The next day, three couples travel to a secluded mansion that they have rented, and are given a tour by the property's caretaker, who is later murdered by Vickers. Upon noticing the caretaker's disappearance, the couples go looking for him, and encounter Vickers, who reassures them by claiming that the caretaker had an accident, and is now recovering in the hospital. That night, Zack leaves to get beer, and is slain by Vickers.
Vickers proceeds to butcher Eric, Julie, and Sarah. Doug and Laura realize that Vickers is the culprit, and are chased into the forest, where they are found by a pair of policemen, Chris and Bradley. Before being killed by Vickers, the officers reveal that he is really Gary Henley, a discharged psychiatric patient who has somehow infiltrated the California Police Department.

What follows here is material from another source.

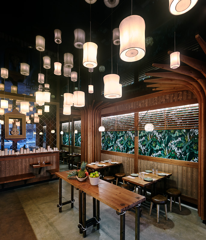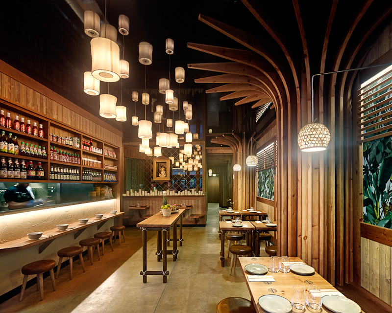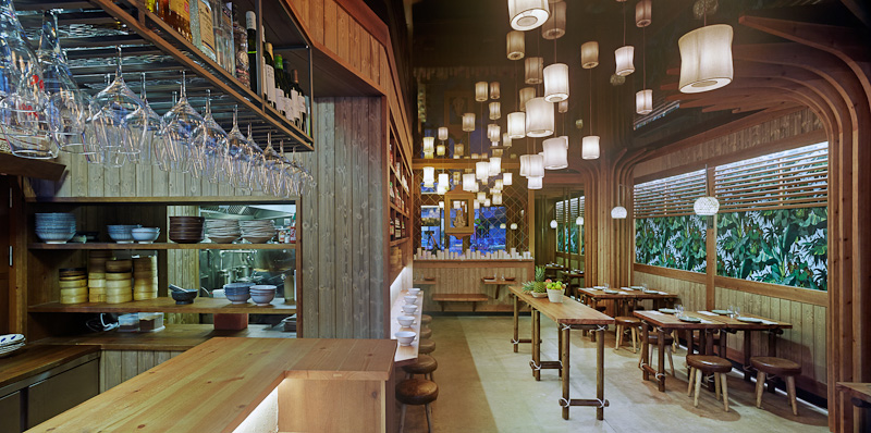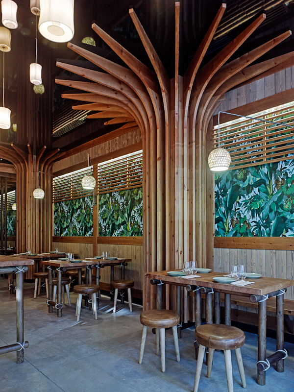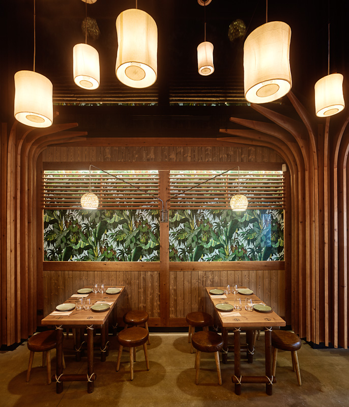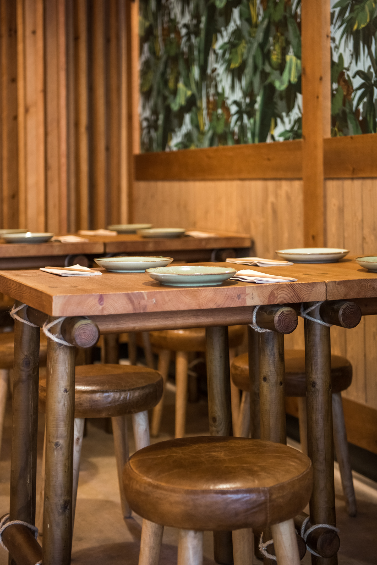 Estructura y sobre en madera de pino maciza, teñida color avellana, y acabada en barniz extra mate. Detalles en cuerda de fibras naturales.

Laura is pursued by Vickers to a clearing containing the crucified bodies of Zack, Julie, Eric, and Sarah. Laura shoots Vickers with his own sidearm, but he is unaffected, only being felled when he has a sharp log thrown through him by Doug. Emergency services greet Laura and Doug at the mansion as Vickers recovers, and a newscast announces that further evidence indicates that he is actually an escaped psychopathic serial killer named Ted Warnicky.
Scott Aaron Stine, author of The Gorehound's Guide to Splatter Films of the 1980s, referred to Psycho Cop as "completely lifeless, homogenized fare" further hampered by the "grating" Robert R. Shafer. Conversely, Kent Byron Armstrong, writer of Slasher Films: An International Filmography, 1960 Through 2001, found Shafer to be "great" and opined that "Psycho Cop provides enough humor to be an enjoyable film".
Ozus' World Movie Reviews's Dennis Schwartz awarded Psycho Cop a C+, calling it "dumb" and "ridiculous" while Todd Martin of Horror News wrote, "I think that it is just a fun little movie and if you are looking for a nice brainless slasher film that doesn't make you think too hard then you should give this movie a shot". Digital Retribution condemned Psycho Cop, giving it a 1/5 while dismissing it as a "Routine slasher flick that's trying to be a riff on William Lustig's Maniac Cop but instead ends up as a poorly acted and weakly penned misfire" with terrible special effects and direction that was "some of the worst in filmic history". JA Kerswell of the Hysteria Lives! gave the film a similarly low score of 2/5, noting, "If you had to pick a perfect example of a join-the-dots slasher flick then this hopelessly generic addition to the subgenre would fit the bill perfectly".